# HELP Please! "This appears to be a duplicate or automatically created back of your catalog"



## jasonmblaydes (May 16, 2019)

I just moved my catalog over from my laptop to a desktop that I built for lightroom.  I got all of the photo files moved over, and I used the catalog file that was in my OneDrive.  Now after importing new photos into lightroom on my desktop, I'm getting this error message.  I can't seem to figure out how to fix this.  The laptop has been signed out of my Adobe account all together.  I even had Adobe tech support log into my computer to try to fix it... they were the worst and were zero help.

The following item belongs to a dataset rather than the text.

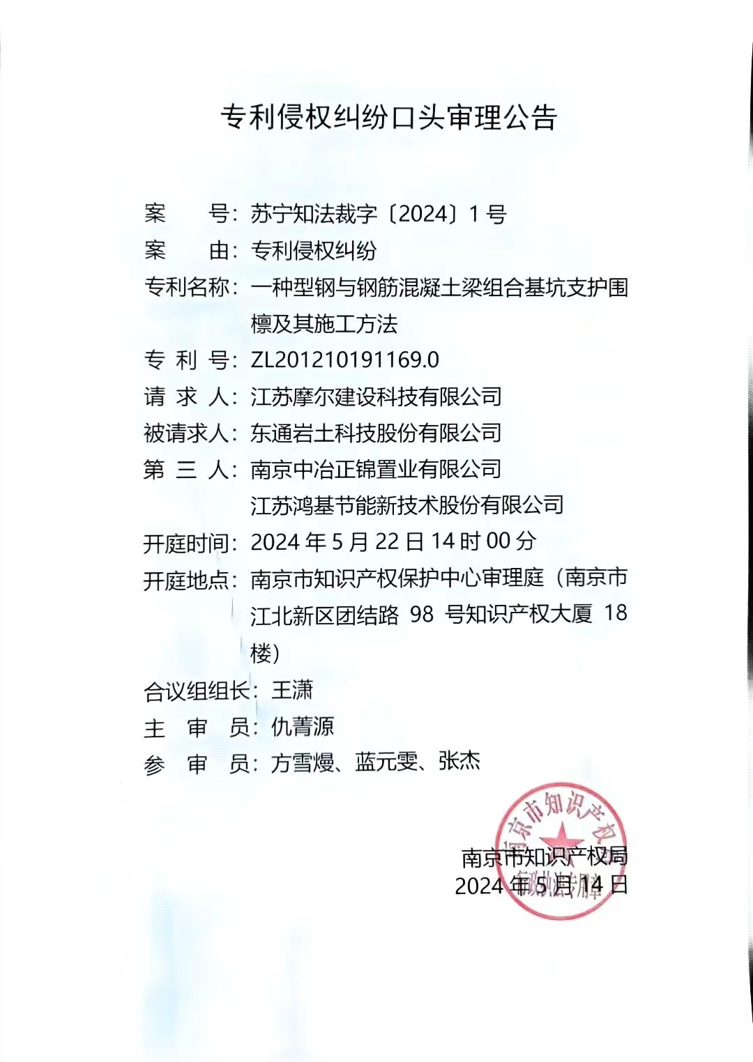 专利侵权纠纷口头审理公告

Please someone help me get my catalog to sync up to the cloud. 

Thank you.


----------



## Victoria Bampton (May 16, 2019)

Hi Jason, welcome to the forum!

Have you tried what it suggests? Restart Lightroom and then click on the identity plate and enable sync again.


----------



## jasonmblaydes (May 16, 2019)

I do appreciate  the reply, but yes, I've restarted it many times. There's a conflict or corruption in a file somewhere. I just can't seem to chase it down and need some help.  Thanks again.


----------



## Victoria Bampton (May 16, 2019)

So what happens when you click to enable sync? Or does this come up every single time before you can do that?


----------



## jasonmblaydes (May 16, 2019)

Yes, this message comes up every time. It never syncs.


----------



## jasonmblaydes (May 16, 2019)

I found this over at the Adobe forum:  https://forums.adobe.com/thread/2373179

I'm going to try this tonight when I get home and post and update to let everyone know if it worked or not.  Hopefully it does and it can be used by others for future reference.  I'll let you know... fingers crossed!


----------



## jasonmblaydes (May 16, 2019)

It worked!!! Deleting the directory *Sync.lrdata*  solved the issue and now my LR that I moved to my desktop is syncing!


----------



## Victoria Bampton (May 17, 2019)

Oh well done Jason! You beat me to it!


----------